I suppose this is true but I would think the real test for the disease modifying drugs would be to relieve the symptoms and make a real dent in the progression of the MS....both of which don't appear to happen with the patients who use these drugs.




I agree with your questions but when I get to the NMSS's actions, we have very different views. It is one idea to be cautious when it comes to new treatments for MS but the NMSS seems to go out of its way to "skewer" anything that comes along that doesn't fit their line of thinking. I give you Prokarin and LDN as two examples. Their actions on Prokarin in the past and their recent press release on LDN indicate to me that they want no part in investigating these drugs and take steps to give them "bad press". I wish they would look outside the "envelope" which they haven't done in decades....and for decades the progress against this disease has been nothing short of abysmal.

Harry

Harry

Just can't resist posting my total agreement with your remark that people start looking outside the envelope when it comes to MS.

I read more that strikes me as potentially connected to solving the MS puzzle when I'm reading something totally unconnected to MS, but connected to my personal experience with MS or health in general.

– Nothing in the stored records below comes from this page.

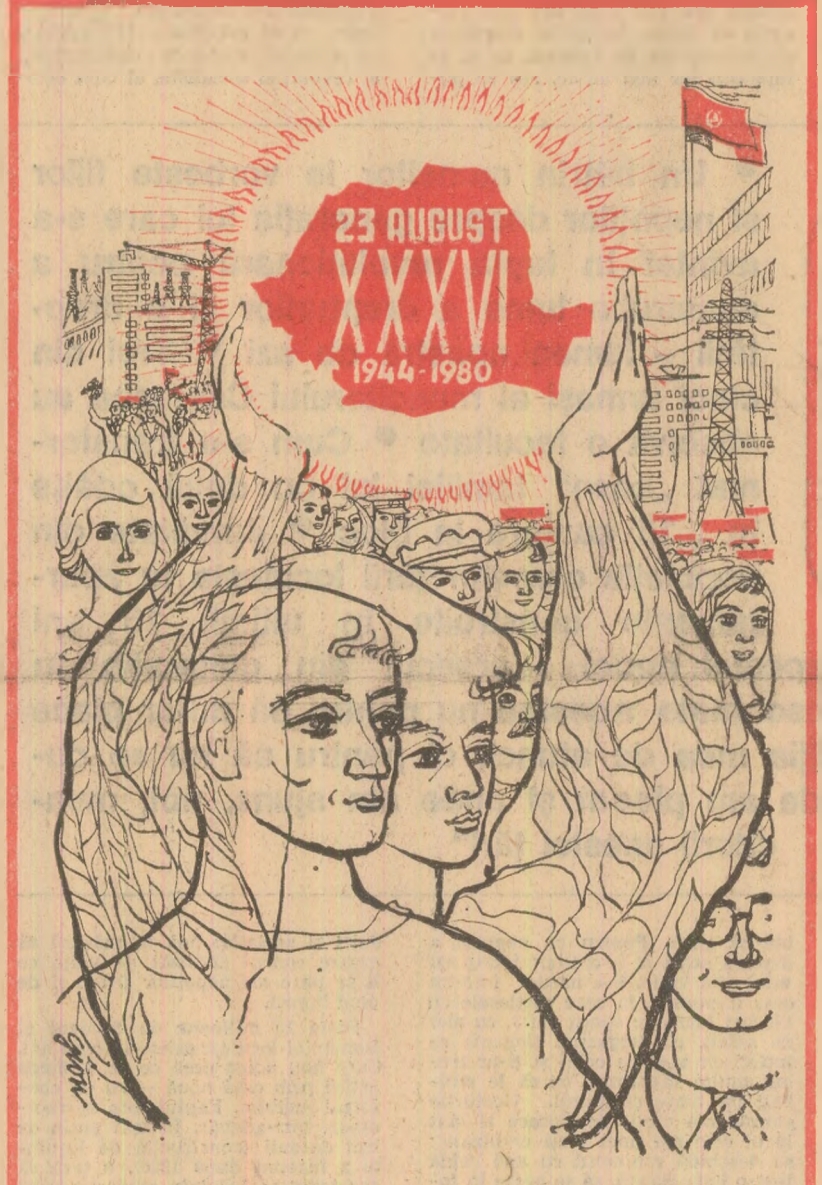
Desen de Mihail GION

Timp nou al țării și mindria ei De a trăi un vis biruitor Iși are-n August douăzeci și trei Pas de hotar spre falnic viitor! Partid-Popor! Sublimă unitate Prin care-n August țara își privește Dreptul la timp, la suveranitate, La gîndul spus curat, pe românește! AI. GH. SAVU (Continuare în pag. a V-a)
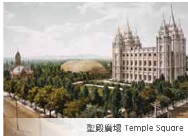
聖殿廣場 Temple Square

1. Continue to explore Yellowstone National Park, 2. Grand Teton National Park*, 3. Famous cowboy town: Jackson, 4. Overnight Salt Lake City
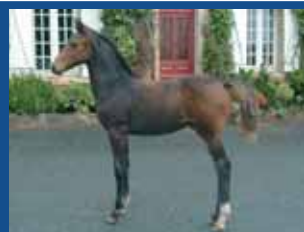
58. RAFAL DE L'EDEN

I personally think a great deal could be gained if a multi-disciplinary group of physicians and researchers would step back and take a look to answer the question "What pieces of the puzzle are we missing?" (Boston Cure approach.) "Where can we attempt to connect some dots given our different areas of medical expertise that haven't been considered before?"

For starters of course, I'd definitely include neuroendocrinologists (personal bias) and, given that it seems at least one neuropsychiatrist thinks depression is part of the MS disease, just like everything else associated with it (i.e., numbness, tingling, etc.), I'd naturally be inclined to include a psychiatrist.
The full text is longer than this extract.